USA & Canada
USA & Canada
heart valves copy

3D printed heart valves assist cardiologists in planning patient specific replacement surgeries.

aaron pearson
Aaron Pearson March 20, 2020
March 20, 2020

In the July issue of JACC Cardiovascular Imaging, our collaborative team from  the Piedmont Heart Institute and Georgia Institute of Technology published a paper titled, Quantitative Prediction of Paravalvular Leak in Transcatheter Aortic Valve Replacement Based on Tissue-Mimicking 3D Printing.  In this study, we demonstrated the feasibility of using 3D printing technologies to create patient-specific heart valve models that mimic the physiological qualities of the actual valves for pre-surgical planning transcatheter aortic valve replacement (TAVR). Our goal was to improve the success rate of transcatheter aortic valve replacements by selecting the right prosthetic and avoiding a common complication known as paravalvular leakage (PVL).


3D Model of Aortic Valve viewed from aorta and left ventricle TARV Deployed in 3D Model viewed from aorta and left ventricle

Tens of thousands of patients each year are diagnosed with heart valve disease. TAVR is often considered for patients who are at high risk for complications with an open-heart surgery to replace the valve. Leakage occurs when the new valve doesn't achieve a precise fit and blood flows backwards around the prosthetic .

PVL is an extremely important indicator of how well the patient will do short and long term with their new valve.  Our research team developed a novel in vitro TAVR pre-procedural planning platform to quantitatively predict the occurrence, severity, and location of post-TAVR PVL.

Using PolyJet 3D printing technology (Stratasys, Eden Prairie, MN), we produced 3D patient-specific models incorporating a variety of materials with variant hardness and pliability to replicate visually accurate anatomical models that mimic the tactile feel of aortic tissue. The team made use of the simultaneous multi-material printing ability to embed metamaterial structures during the printing process. Using our proprietary software, we designed directional wavy fibers into the 3D models to mimic the elastic fibers found in the extracellular matrix of human arteries. Creating these models using metamaterial design and multi-material 3D printing takes into account the mechanical behavior of the heart valves, replicating the natural strain-stiffening behavior of soft tissues that comes from the interaction between elastin and collagen, two proteins found in heart valves.

Our next step was to test how the prosthetic valves interact with the 3D printed models to learn whether we could predict leakage.  We placed sensors within eighteen models. The sensors enabled us to quantitatively predict the occurrence, severity, and location of any degree of post-TAVR PVL.

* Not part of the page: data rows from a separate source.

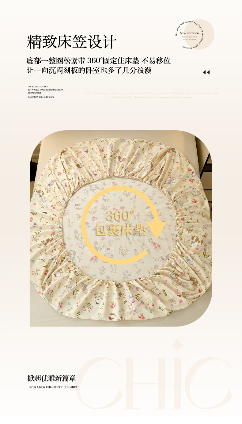 (总)寻米 2025新款A类全棉印花床笠系列,巴洛克暖阳,繁花锦绣,繁花晚庭,狗狗派对,桂馥兰香,花涧入梦,假日暖阳,小猫球球,小猫甜品屋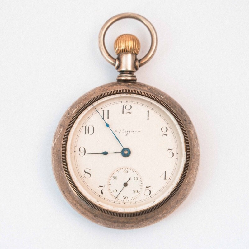 Антикварные карманные часы Elgin National Watch Company. Это классические американские часы, произведенные в начале XX века в городе Элгин, штат Иллинойс. Серийный номер 9434079, выгравированный на механизме ваших часов, позволяет точно определить время их производства — 1901–1902 гг. Белый эмалевый циферблат с арабскими цифрами и дополнительным секундным циферблатом в положении «6 часов».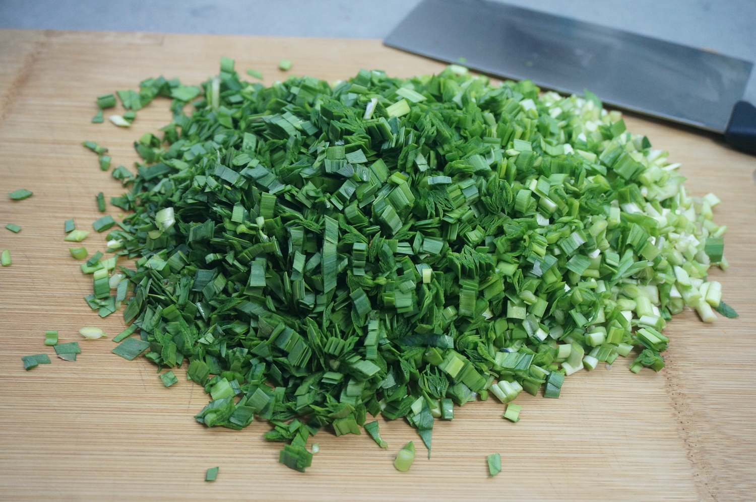 3. 韭菜洗净甩掉叶间的水,切成碎末;http://si1.go2yd.com/get-image/0JZAYaiX9Zg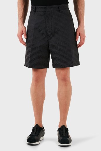 Jakarlı Pamuklu Regular Fit Yüksek Bel Geniş Paça Erkek Short EM001200 AF13688 U8168 SİYAH

The results of this study are quite encouraging. We were able to identify a pre-surgical method that allows us to predict and potentially mitigate the risk of post-TAVR PVL. This will someday allow us to optimize the procedural technique using 3D model surgical simulation and, ultimately, improve patient outcome.

Even though this valve replacement procedure is quite mature, there are still cases where selecting a different size prosthetic or different manufacturer could improve the outcome. 3D printing will be very helpful to determine which one. Among certain high-risk patients, our technique may refine the current approach for the selection of the transcatheter valve type/size, and the selection of the appropriate valve deployment technique, such as the selection of the valve depth and the post-dilatation of the valve, and potentially reduce the rate of post-TAVR PVL.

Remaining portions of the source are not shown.